### [WORK INSTRUCTION]
The whole listing, except its pictures, is to be repeated exactly.

### [RECORDED DATA]
↓↓↓
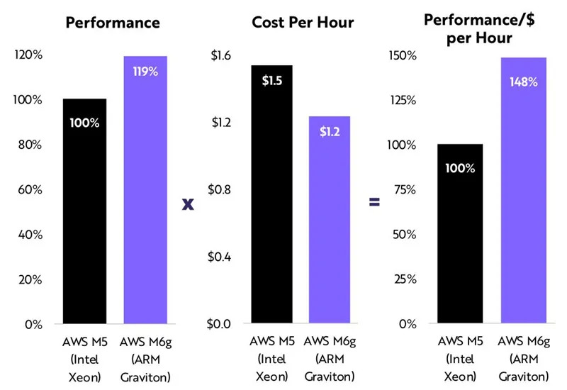 AWS的Graviton 2比英特尔的cpu更便宜,速度更快,相同价格可以提供48%的额外性能。未来,AWS可能会将其大部分服务器迁移到基于ARM的处理器上。
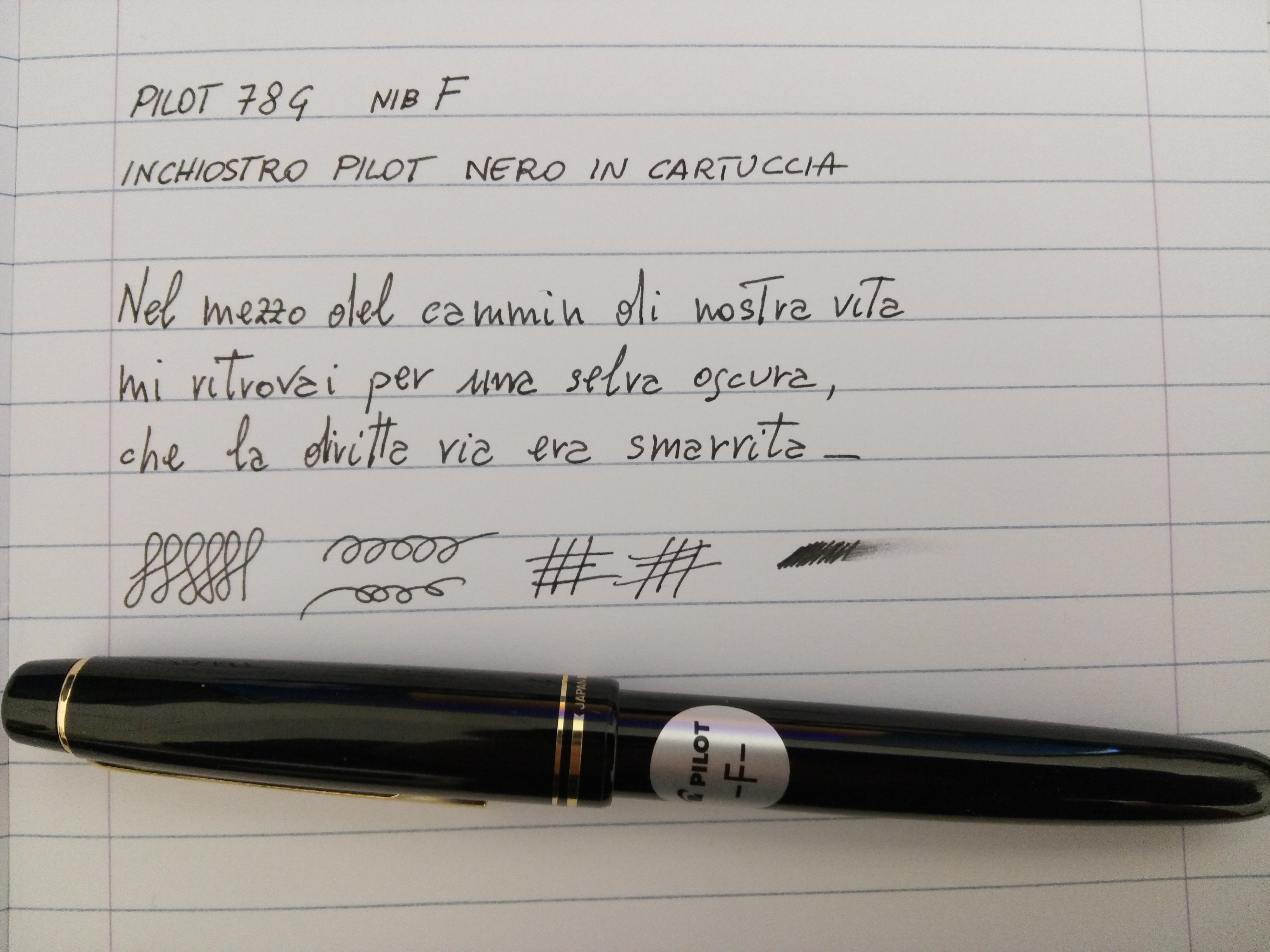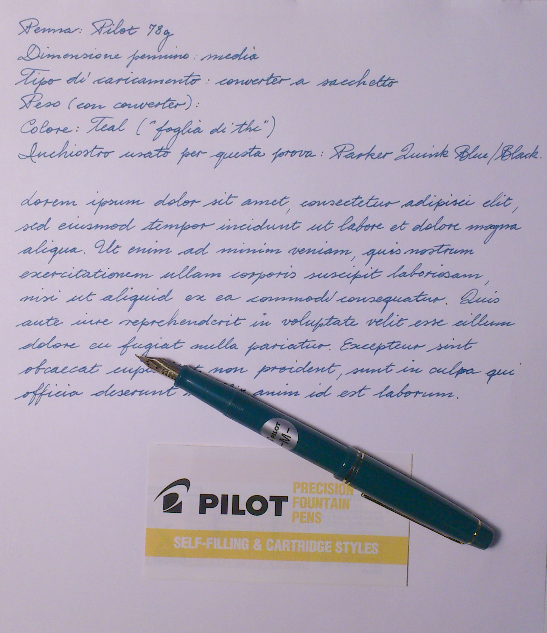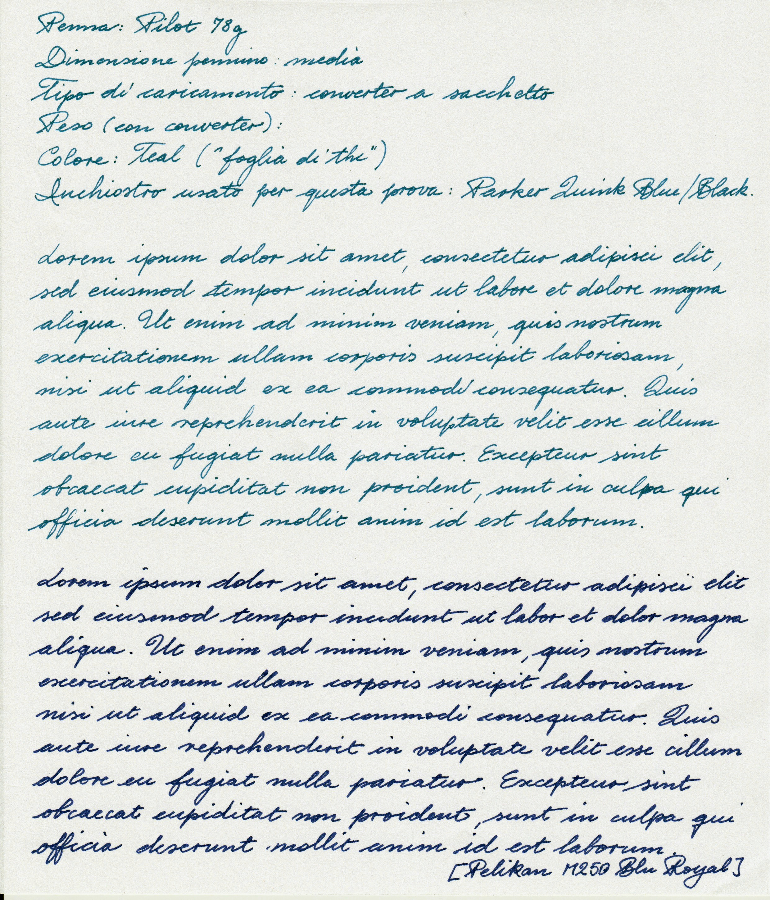 Tanto per dare un'idea visiva della differente "interpretazione" dei pennini tra occidentali e orientali, ho scritto sotto lo stesso testo con la Pelikan M250. Anche se l'inchiostro è diverso (la M250 ha il Blu Royal, la 78g il Parker Quink Blu/nero), si può comunque ben percepire come il pennino "M" della Pilot sia di fatto più fine del pennino "F" della Pelikan!
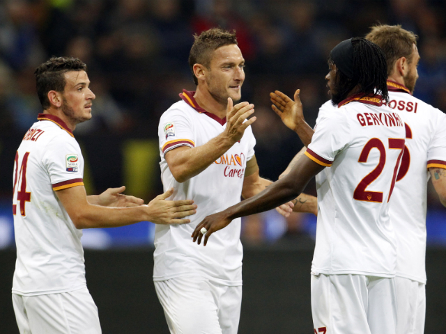 AS Roma's Francesco Totti (2nd L) celebrates with his teammates Alessandro Florenzi (L), Gervinho and Daniele De Rossi (R) after scoring against Inter Milan. Giampiero Sposito / Reuters
↑↑↑
### [FINAL ANSWER]
 AWS的Graviton 2比英特尔的cpu更便宜,速度更快,相同价格可以提供48%的额外性能。未来,AWS可能会将其大部分服务器迁移到基于ARM的处理器上。
 Tanto per dare un'idea visiva della differente "interpretazione" dei pennini tra occidentali e orientali, ho scritto sotto lo stesso testo con la Pelikan M250. Anche se l'inchiostro è diverso (la M250 ha il Blu Royal, la 78g il Parker Quink Blu/nero), si può comunque ben percepire come il pennino "M" della Pilot sia di fatto più fine del pennino "F" della Pelikan!
 AS Roma's Francesco Totti (2nd L) celebrates with his teammates Alessandro Florenzi (L), Gervinho and Daniele De Rossi (R) after scoring against Inter Milan. Giampiero Sposito / Reuters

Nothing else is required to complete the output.